Toward the back, there was a page of tips for working with cardboard, even, and then above it, was the dome success story of CHARAS, "a group of young street people from New York's Lower East Side," whose purpose is to "explore the possibilities of low cost housing." Here's what they learned to do from Bucky Fuller's assistant, Michael Ben-Eli [scans of both segments are in the daddytypes flickr pool.]:
One of our models was a 5' diameter dome which was made from corrugated board scraps we found in a loft that we have. [emphasis added for real estate nostalgia. -ed.] It was a 4-frequency 1/2 sphere based on the triacontehedron [sic]. It was made up of two different triangles that were assembled into 13 whole diamonds and four half diamonds as in diagram A. These sections were then assembled into the dome. We used contact cement and staples to connect the flaps.Sounds awesome! I'll just swap out the cement and staples for some handy dandy Cardboard Rivets and--oh wait, I can't figure out how this five-sentence explanation maps onto the nigh-impenetrable tables of chords and angles so that I can calculate the dimensions of these two triangles.

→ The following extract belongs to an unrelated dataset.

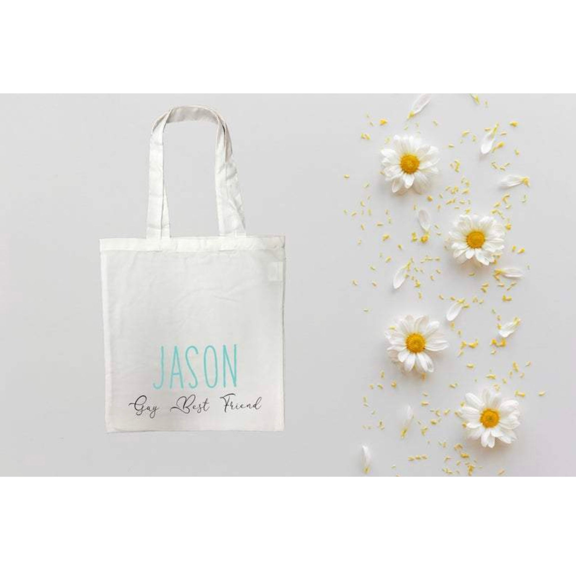 Tote bag is printed with your name and 'Gay Best Friend' underneath.

It seems that one triangle, ABE, is half the other, ABB. Does that mean that all the other triangles are the same size? Or are there actually three triangles, ABB, BCD, and ABE=ABB/2?
Landry's dome calculator is set up for icosahedron domes, not triacontahedrons, and any configuring attempt I make results in various sizes of slightly different triangles, not three, and definitely not two.
So far, about all I can figure out is that it'd take about 332 of Mr McGroovy's Cardboard Rivets if you leave off a couple of triangles for a door and a window. That's seven boxes, bigger than two Big Daddy sets. The rivets alone will set you back $53.
With that kind of volume, though, if this dome idea ever takes off, the next three McGroovy kids will probably all be named Buckminster Greg.
Anyone who knows domes know what to do now?
See scans of cardboard doming from Domebook2 in the daddytypes flickr pool [flickr]
Try making models out of cardboard and plasticine? I find figuring out the math beforehand is often more frustrating than building a model and then making the math fit your model... :D
[math is hard! let's go chopping! -ed.]
It's times like this when I bet you wish you lived with a rocket scientist or somethi... oh, wait, right.
[maybe she's trying to tell me something with all her "enough with the domes already, crazyman!" eye rolls, but I don't know what it is. -ed.]
Log onto http://www.domebook.com to see other cardboard domes. The book shows how to construct nine different domes in any size you want. You can also download paper models of 2 frequency and 3 frequency icosa domes. A photo of the 2 frequency icosa dome is on the index page of the site. The plans for those two domes are in the book.
This is great stuff!!
Any idea where I can find an archive of Jon's dome page? Headed home and a baby dome for our camp sounds sick.